• Task to complete
Output the whole listing exactly, with no pictures.
-=-=-
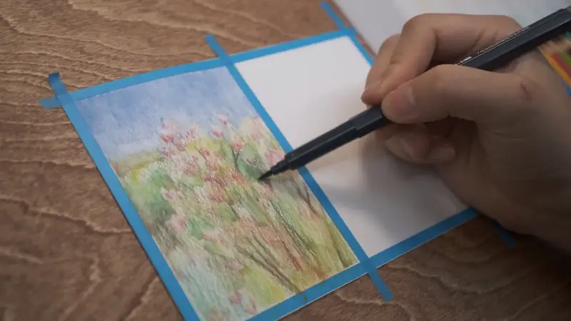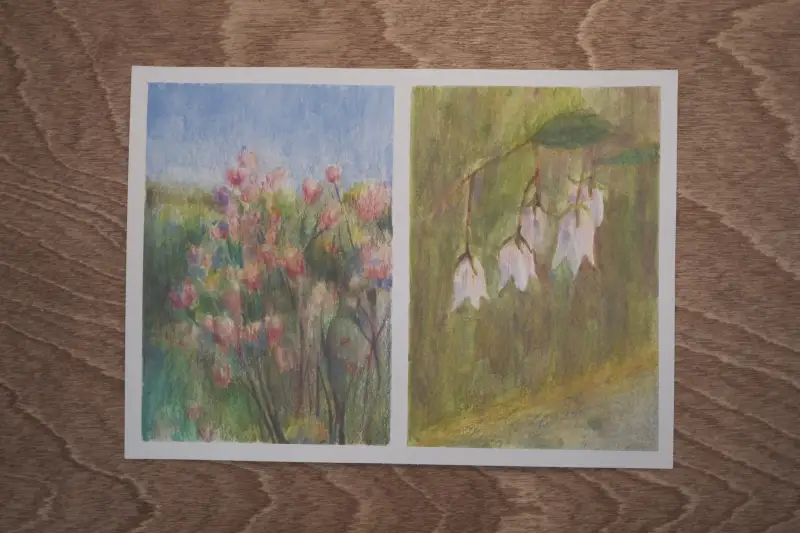 샘플로 그려보고 바로 동봉되어있는 엽서 패드에 자연 그림을 그리기 시작 했습니다. 이건 첫번째 그림.
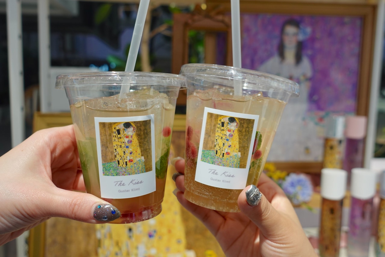 毎月変わる名画に合わせてドリンクも変わっていきます。写真は第一弾であるグスタフ・クリムトの名画「接吻」にインスピレーションを受けたドリンク。
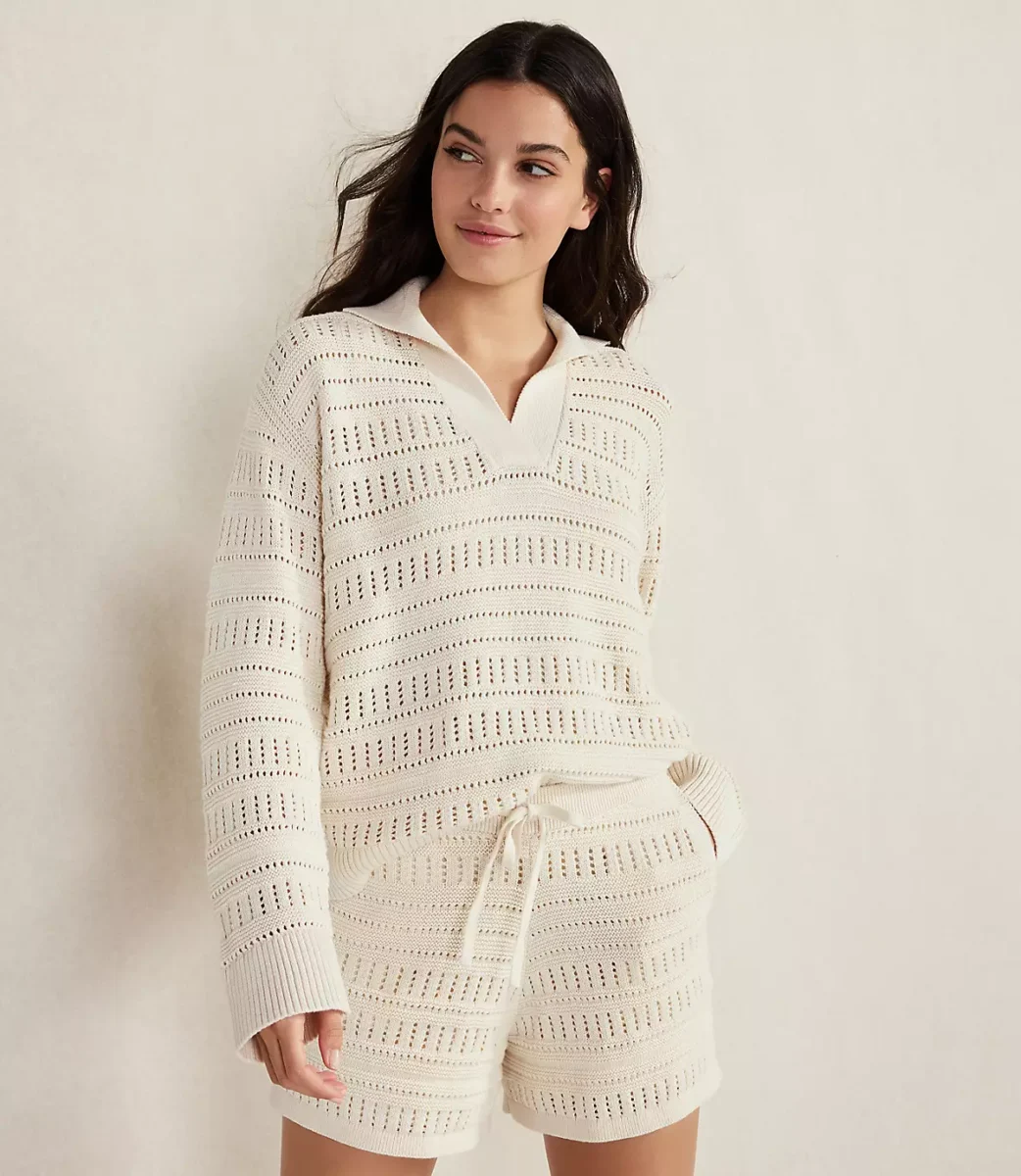 Summer chill outfit of Haven Well Within Organic Cotton Open Stitch Johnny Collar Sweater and Haven Well Within Organic Cotton Open Stitch Shorts
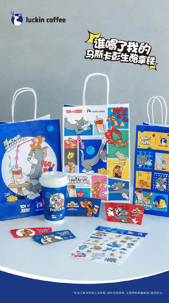到了10月份,瑞幸咖啡再次推出聯(lián)名咖啡“馬斯卡彭生酪拿鐵”,和經(jīng)典動畫IP“貓和老鼠”聯(lián)名,聯(lián)名款一出,就登上了微博熱搜。只要9.9就能拿下你的“青春回憶”,聯(lián)名貼紙、杯套、紙袋,激發(fā)了消費者的收集欲望和二創(chuàng)熱情,紛紛被改造正立體書、票夾等。
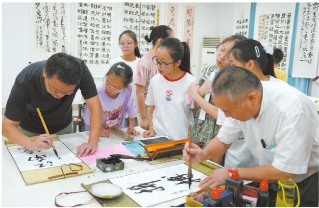 近日,宗汉街道周塘西村联合市硬笔书法家协会、宗汉街道综合文化站和润德小学,共同开展了“迎亚运,学礼仪,启智慧,扬文化”书法展活动。活动中,同学们不仅学到了书法国粹文化知识,还与书法家一同书写“绿色、智能、节俭、文明”亚运办赛理念。 ■全媒体记者 陈利群 通讯员 马胡诞
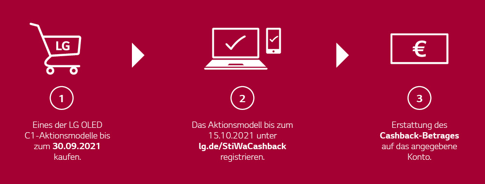 Nach Kauf eines Aktionsproduktes muss eine Registrierung unter https://www.service-lg.com/LG/StiWaCashback erfolgen.
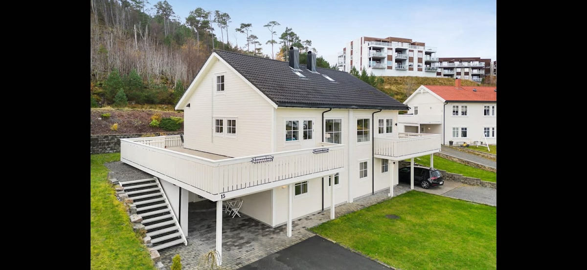 Hus med fantastisk utsikt, uteplass og garasje med elbil-lader i Ålesund sentrum. Du har tilgang til tre etasjer med stue, kjøkken, 2 bad, 3 soverom, vaskerom, kjellerstue med dobbel sovesofa, veranda med fantastisk utsikt over sentrum og Sunnmørsalpene og en lun og koselig uteplass med grill. Det er sengeplasser til 7, hvorav to er på sovesofa i kjelleren. For å ligge så nærme sentrum er det et stille og rolig nabolag uten gjennomgangstrafikk.
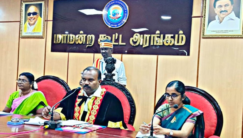 தூத்துக்குடி மாநகராட்சி சாதாரண கூட்டம் மாநகராட்சி கூட்ட அரங்கில் மேயர் ஜெகன் பொியசாமி தலைமையில் நடைபெற்றது, ஆணையர் எஸ்.பிரியங்கா, துணை மேயர் செ.ஜெனிட்டா முன்னிலை வகித்தனர்.
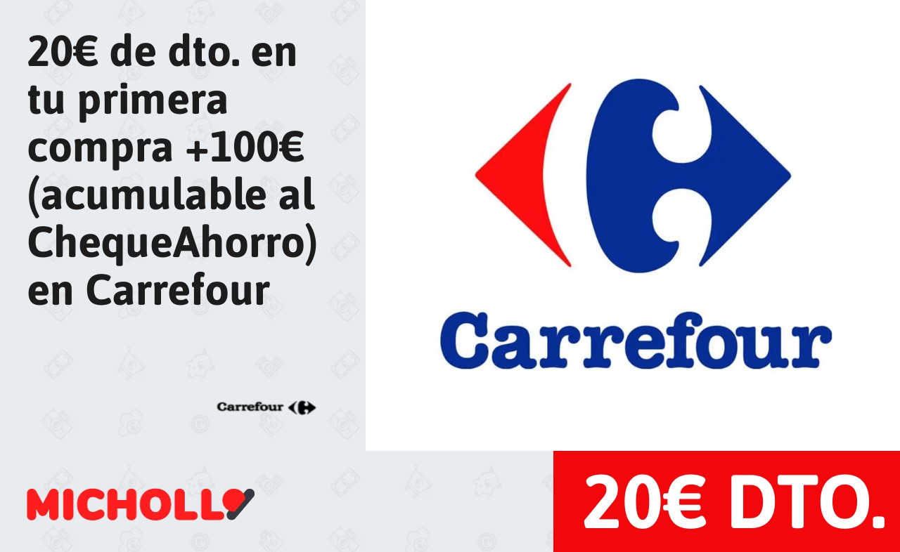 🔹 20€ de dto. en tu primera compra +100€ (acumulable al ChequeAhorro) en Carrefour❗️❤️
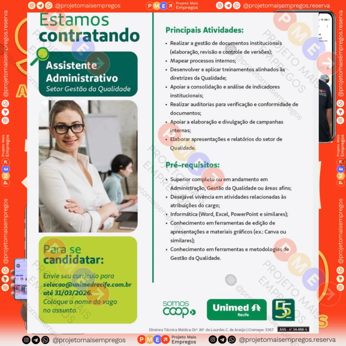 As informações sobre a vaga de emprego, como salário, remuneração, benefícios, requisitos, local de trabalho, forma de candidatura (e-mail ou whatsapp para enviar seu currículo) etc., estarão na imagem acima, caso estejam disponíveis.
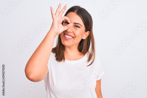 Portrait of beautiful and young brunette woman standing over isolated white background doing ok gesture with hand smiling, eye looking through fingers with happy face.
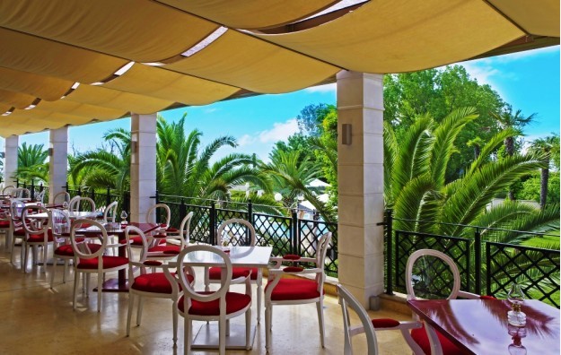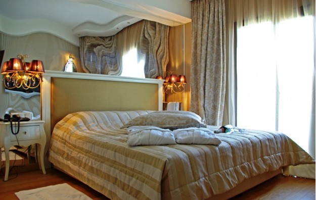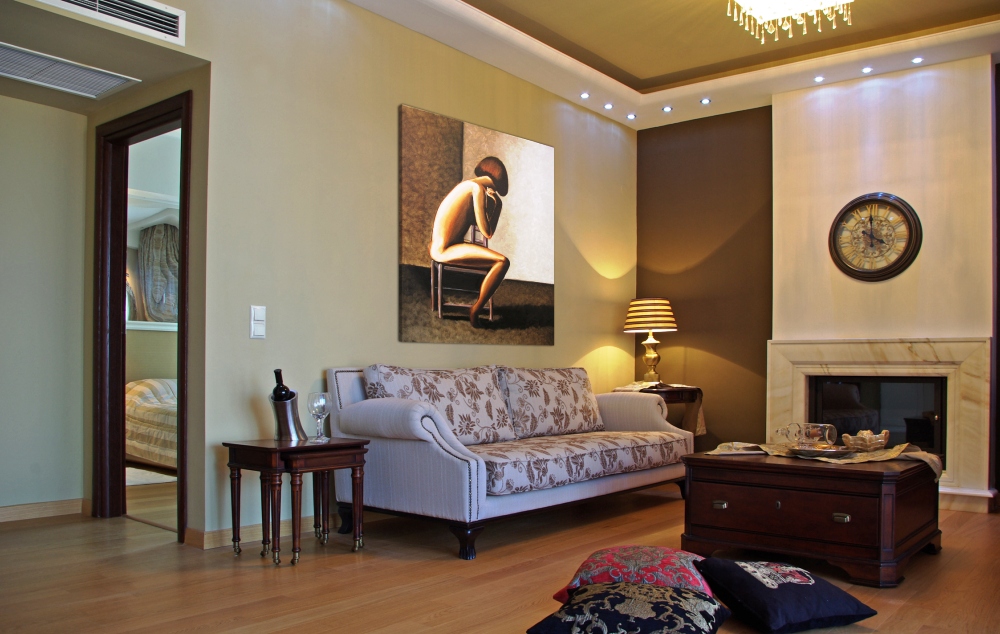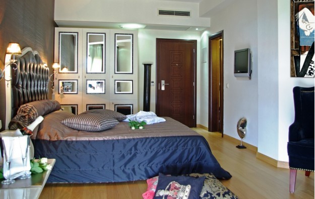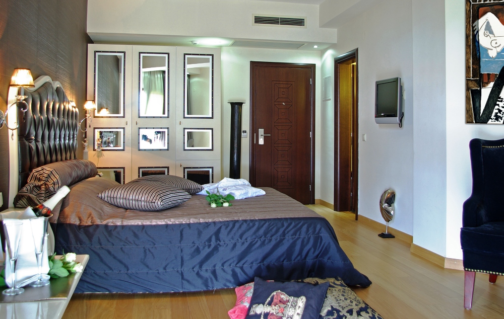 Junior suite-Jedinstveno opremljeni Junior apartmani površine 20 m2 sastoje se od jednog master okruglog bračnog kreveta i kamina, kupatila sa luksuznim toaletnim priborom, kao i predivno prostranog i potpuno opremljenog balkona sa pogledom na more ili bazen.
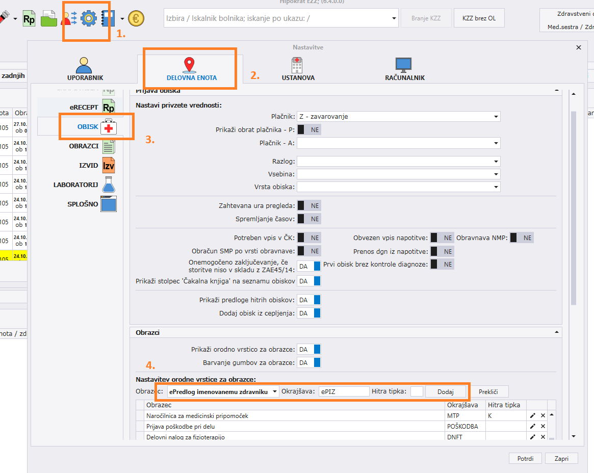 4. Pri Nastavitvi orodne vrstice za obrazce poiščite in izberite želeni obrazec in ga poimenujte (okrajšava)
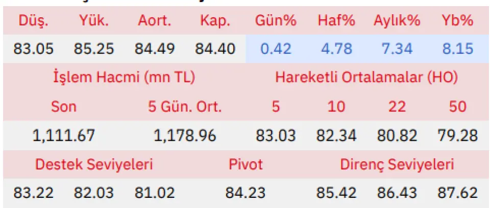 "Gün içinde en düşük 83.05 en yüksek 85.25 seviyesini gören Enka İnşaat ve Sanayi hissesinin günü %0.42 kazançla tamamladığı gözlenmektedir. Pivot seviye 84.23 seviyesinden geçmekte olup, aşağı yönlü hareketlerde birinci destek 83.22, ikinci destek ise 82.03 seviyesinden geçmektedir. Dirençler ise sırasıyla 85.42, 86.43 seviyelerinden geçmektedir. Bu aşamada endeksin 5 günlük HO seviyesinin %1.65 üstünde, 22 günlük HO seviyesinin ise %4.42 üstünde hareket ettiği dikkat çekmektedir. Son gün işlem hacmi ise bu aşamada 5 günlük ortalama işlem hacminin % 5.71 altında gerçekleşmiştir."
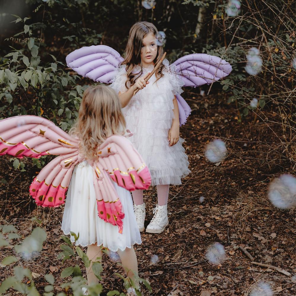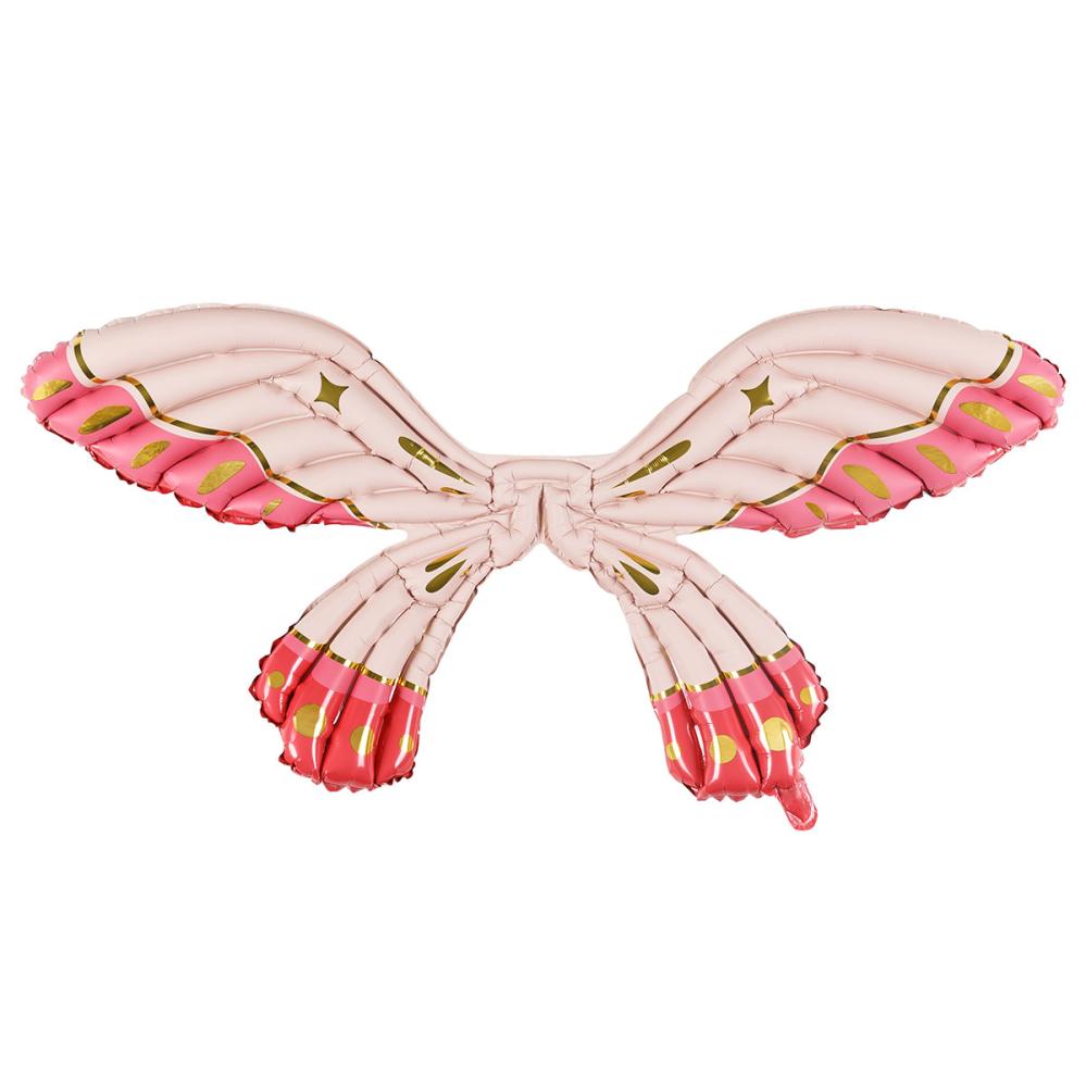 Skap en magisk stemning med disse sommerfuglvingene i matt rosa med gyldne detaljer. De oppblåsbare vingene i form av en folieballong kan festes på ryggen eller brukes som dekorasjon. Perfekt til kostymefest, dyrefest og andre festlige anledninger.
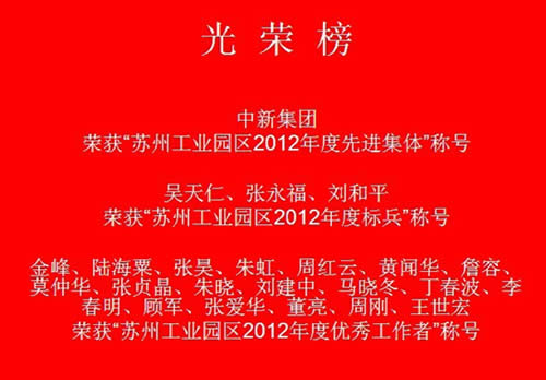 2月17日,苏州工业园区召开2012年度总结表彰大会,对先进集体和先进个人予以表彰。省委常委、市委书记蒋宏坤,市委副书记、市长周乃翔,市人大常委会主任杜国玲,市政协主席高雪坤,市委常委、市委秘书长王少东,市委常委、园区工委书记王翔等出席了表彰大会。
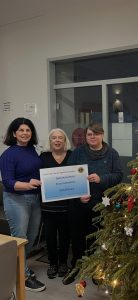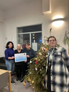 Am 22.12.2025 haben unsere Mitglieder Dorothee Schuler und Claudia Peter den Scheck in Höhe von € 1000.00 aus den Einnahmen vom diesjährigen Weihnachtsmarkt an Frau Kulik von Evas Haltestelle überreicht. Ebenso wurden die Sachspenden, die auf der diesjährigen Weihnachtsfeier des Lions Clubs eingesammelt wurden, übergeben.
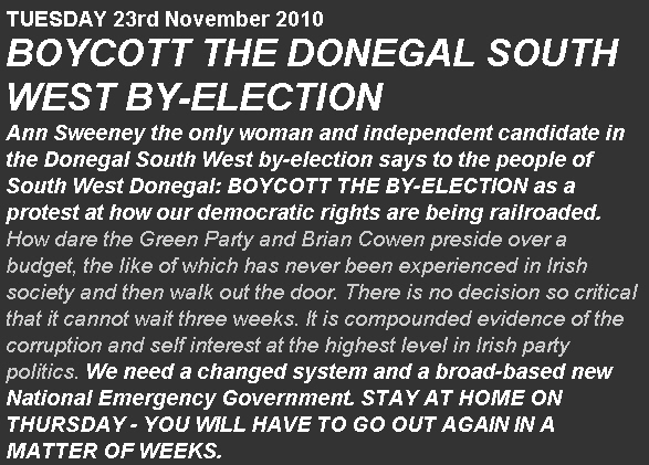 Boycott The Donegal South West By-Election -Ann Sweeney -Independent /New Island Party » boycott
-=-=-
• Answer box
 샘플로 그려보고 바로 동봉되어있는 엽서 패드에 자연 그림을 그리기 시작 했습니다. 이건 첫번째 그림.
 毎月変わる名画に合わせてドリンクも変わっていきます。写真は第一弾であるグスタフ・クリムトの名画「接吻」にインスピレーションを受けたドリンク。
 Summer chill outfit of Haven Well Within Organic Cotton Open Stitch Johnny Collar Sweater and Haven Well Within Organic Cotton Open Stitch Shorts
到了10月份,瑞幸咖啡再次推出聯(lián)名咖啡“馬斯卡彭生酪拿鐵”,和經(jīng)典動畫IP“貓和老鼠”聯(lián)名,聯(lián)名款一出,就登上了微博熱搜。只要9.9就能拿下你的“青春回憶”,聯(lián)名貼紙、杯套、紙袋,激發(fā)了消費者的收集欲望和二創(chuàng)熱情,紛紛被改造正立體書、票夾等。
 近日,宗汉街道周塘西村联合市硬笔书法家协会、宗汉街道综合文化站和润德小学,共同开展了“迎亚运,学礼仪,启智慧,扬文化”书法展活动。活动中,同学们不仅学到了书法国粹文化知识,还与书法家一同书写“绿色、智能、节俭、文明”亚运办赛理念。 ■全媒体记者 陈利群 通讯员 马胡诞
 Nach Kauf eines Aktionsproduktes muss eine Registrierung unter https://www.service-lg.com/LG/StiWaCashback erfolgen.
 Hus med fantastisk utsikt, uteplass og garasje med elbil-lader i Ålesund sentrum. Du har tilgang til tre etasjer med stue, kjøkken, 2 bad, 3 soverom, vaskerom, kjellerstue med dobbel sovesofa, veranda med fantastisk utsikt over sentrum og Sunnmørsalpene og en lun og koselig uteplass med grill. Det er sengeplasser til 7, hvorav to er på sovesofa i kjelleren. For å ligge så nærme sentrum er det et stille og rolig nabolag uten gjennomgangstrafikk.
 தூத்துக்குடி மாநகராட்சி சாதாரண கூட்டம் மாநகராட்சி கூட்ட அரங்கில் மேயர் ஜெகன் பொியசாமி தலைமையில் நடைபெற்றது, ஆணையர் எஸ்.பிரியங்கா, துணை மேயர் செ.ஜெனிட்டா முன்னிலை வகித்தனர்.
 🔹 20€ de dto. en tu primera compra +100€ (acumulable al ChequeAhorro) en Carrefour❗️❤️
 As informações sobre a vaga de emprego, como salário, remuneração, benefícios, requisitos, local de trabalho, forma de candidatura (e-mail ou whatsapp para enviar seu currículo) etc., estarão na imagem acima, caso estejam disponíveis.
 Portrait of beautiful and young brunette woman standing over isolated white background doing ok gesture with hand smiling, eye looking through fingers with happy face.
 Junior suite-Jedinstveno opremljeni Junior apartmani površine 20 m2 sastoje se od jednog master okruglog bračnog kreveta i kamina, kupatila sa luksuznim toaletnim priborom, kao i predivno prostranog i potpuno opremljenog balkona sa pogledom na more ili bazen.
 4. Pri Nastavitvi orodne vrstice za obrazce poiščite in izberite želeni obrazec in ga poimenujte (okrajšava)
 "Gün içinde en düşük 83.05 en yüksek 85.25 seviyesini gören Enka İnşaat ve Sanayi hissesinin günü %0.42 kazançla tamamladığı gözlenmektedir. Pivot seviye 84.23 seviyesinden geçmekte olup, aşağı yönlü hareketlerde birinci destek 83.22, ikinci destek ise 82.03 seviyesinden geçmektedir. Dirençler ise sırasıyla 85.42, 86.43 seviyelerinden geçmektedir. Bu aşamada endeksin 5 günlük HO seviyesinin %1.65 üstünde, 22 günlük HO seviyesinin ise %4.42 üstünde hareket ettiği dikkat çekmektedir. Son gün işlem hacmi ise bu aşamada 5 günlük ortalama işlem hacminin % 5.71 altında gerçekleşmiştir."
 Skap en magisk stemning med disse sommerfuglvingene i matt rosa med gyldne detaljer. De oppblåsbare vingene i form av en folieballong kan festes på ryggen eller brukes som dekorasjon. Perfekt til kostymefest, dyrefest og andre festlige anledninger.
 2月17日,苏州工业园区召开2012年度总结表彰大会,对先进集体和先进个人予以表彰。省委常委、市委书记蒋宏坤,市委副书记、市长周乃翔,市人大常委会主任杜国玲,市政协主席高雪坤,市委常委、市委秘书长王少东,市委常委、园区工委书记王翔等出席了表彰大会。
 Am 22.12.2025 haben unsere Mitglieder Dorothee Schuler und Claudia Peter den Scheck in Höhe von € 1000.00 aus den Einnahmen vom diesjährigen Weihnachtsmarkt an Frau Kulik von Evas Haltestelle überreicht. Ebenso wurden die Sachspenden, die auf der diesjährigen Weihnachtsfeier des Lions Clubs eingesammelt wurden, übergeben.
 Boycott The Donegal South West By-Election -Ann Sweeney -Independent /New Island Party » boycott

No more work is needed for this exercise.